Records from a data collection
● ● ●
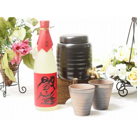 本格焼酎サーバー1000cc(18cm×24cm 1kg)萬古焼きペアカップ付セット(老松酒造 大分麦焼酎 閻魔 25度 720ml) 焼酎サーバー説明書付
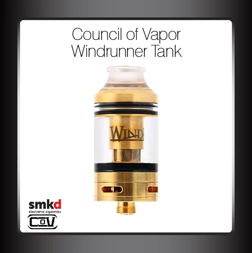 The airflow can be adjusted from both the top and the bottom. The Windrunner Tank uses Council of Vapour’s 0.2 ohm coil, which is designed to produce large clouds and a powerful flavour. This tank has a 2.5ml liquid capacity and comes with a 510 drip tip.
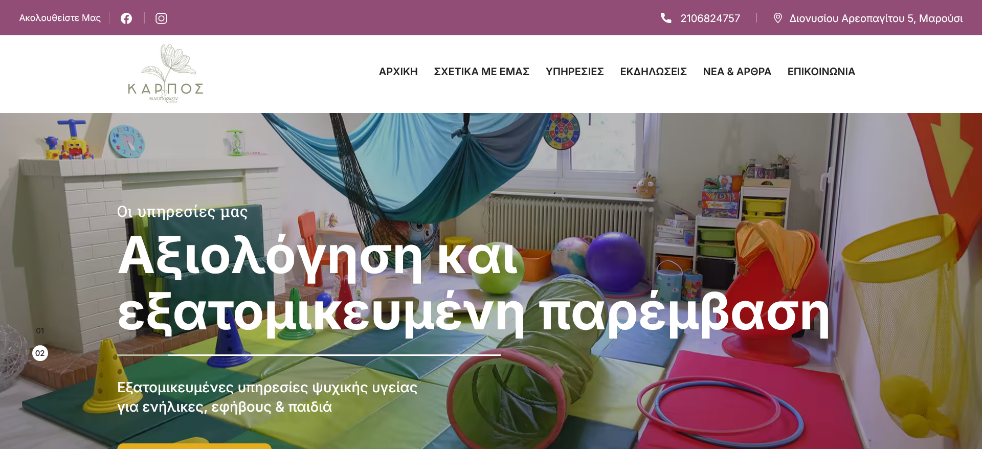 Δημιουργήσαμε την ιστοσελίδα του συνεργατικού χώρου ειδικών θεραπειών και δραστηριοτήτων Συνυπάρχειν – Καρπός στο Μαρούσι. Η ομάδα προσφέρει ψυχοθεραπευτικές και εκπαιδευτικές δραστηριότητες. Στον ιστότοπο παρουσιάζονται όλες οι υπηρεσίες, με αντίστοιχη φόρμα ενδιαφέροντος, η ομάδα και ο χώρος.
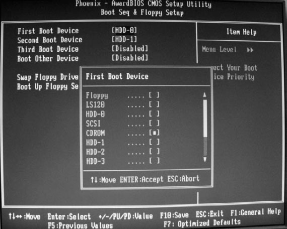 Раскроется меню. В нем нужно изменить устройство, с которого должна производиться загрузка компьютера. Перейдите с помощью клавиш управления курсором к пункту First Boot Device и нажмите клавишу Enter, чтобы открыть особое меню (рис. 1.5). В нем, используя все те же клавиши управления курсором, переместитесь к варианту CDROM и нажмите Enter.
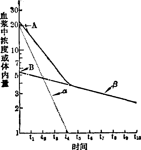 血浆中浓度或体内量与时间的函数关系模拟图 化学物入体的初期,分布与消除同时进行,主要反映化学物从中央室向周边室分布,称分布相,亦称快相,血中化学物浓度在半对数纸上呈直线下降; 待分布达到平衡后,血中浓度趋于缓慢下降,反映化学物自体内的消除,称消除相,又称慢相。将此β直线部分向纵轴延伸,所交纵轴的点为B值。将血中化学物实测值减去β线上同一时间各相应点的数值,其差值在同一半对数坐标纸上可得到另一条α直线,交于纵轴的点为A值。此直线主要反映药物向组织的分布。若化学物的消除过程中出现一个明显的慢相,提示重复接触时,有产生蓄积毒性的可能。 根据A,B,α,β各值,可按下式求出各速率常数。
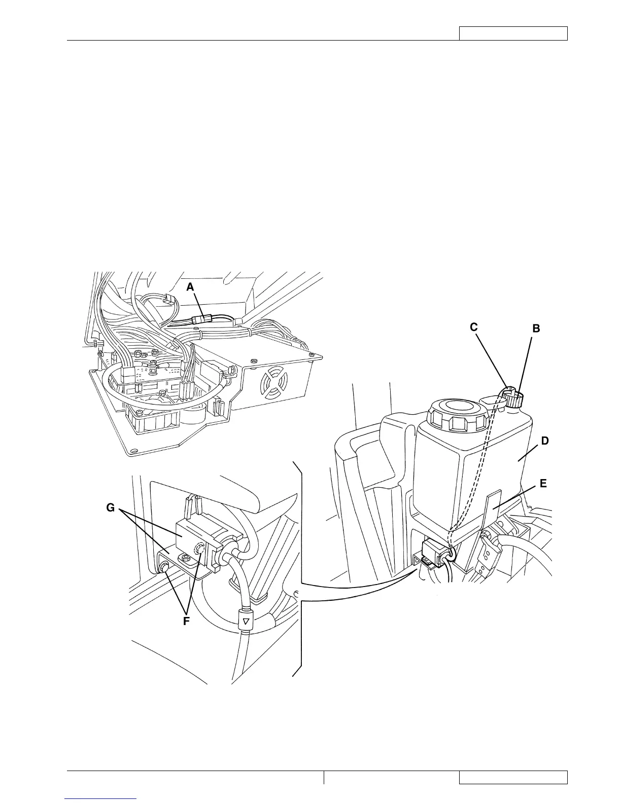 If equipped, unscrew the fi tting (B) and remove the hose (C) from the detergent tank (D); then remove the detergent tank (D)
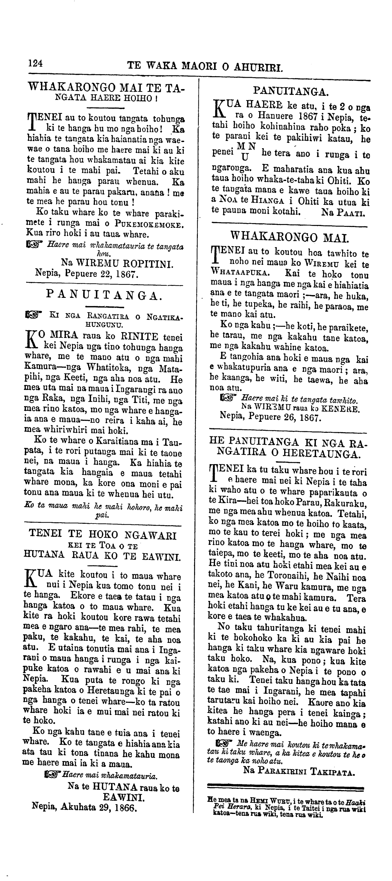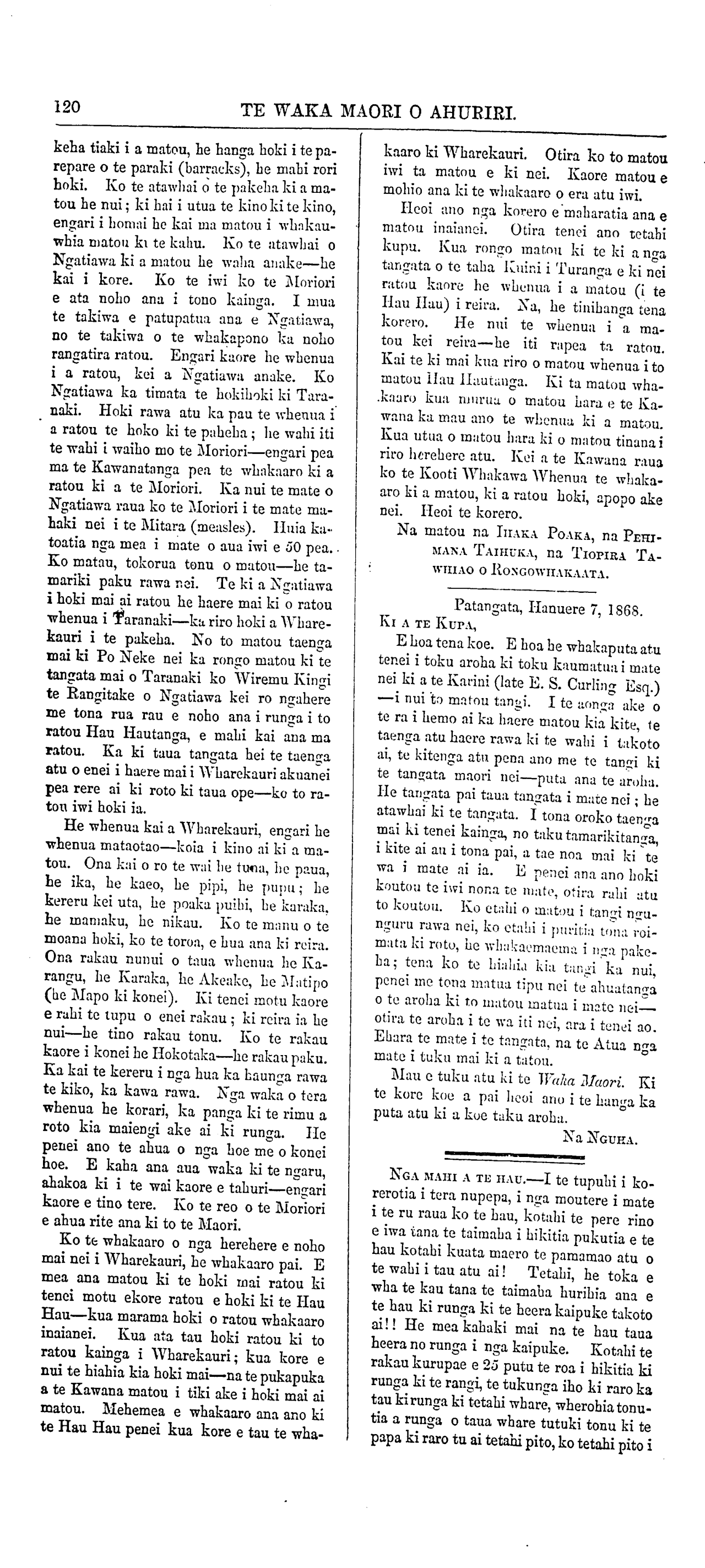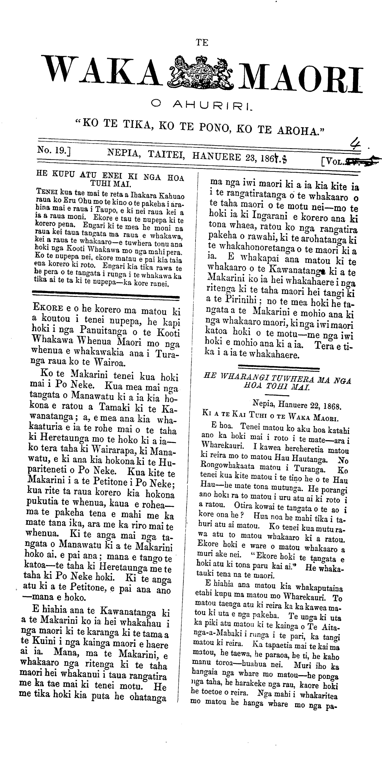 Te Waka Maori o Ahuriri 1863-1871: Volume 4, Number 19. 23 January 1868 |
● ● ●
### [Work task]
Every line from the one containing "If equipped, unscrew" through the last line of the data is to be retyped exactly, with nothing added and no pictures included.

### [Result for this task]
 If equipped, unscrew the fi tting (B) and remove the hose (C) from the detergent tank (D); then remove the detergent tank (D)
 Te Waka Maori o Ahuriri 1863-1871: Volume 4, Number 19. 23 January 1868 |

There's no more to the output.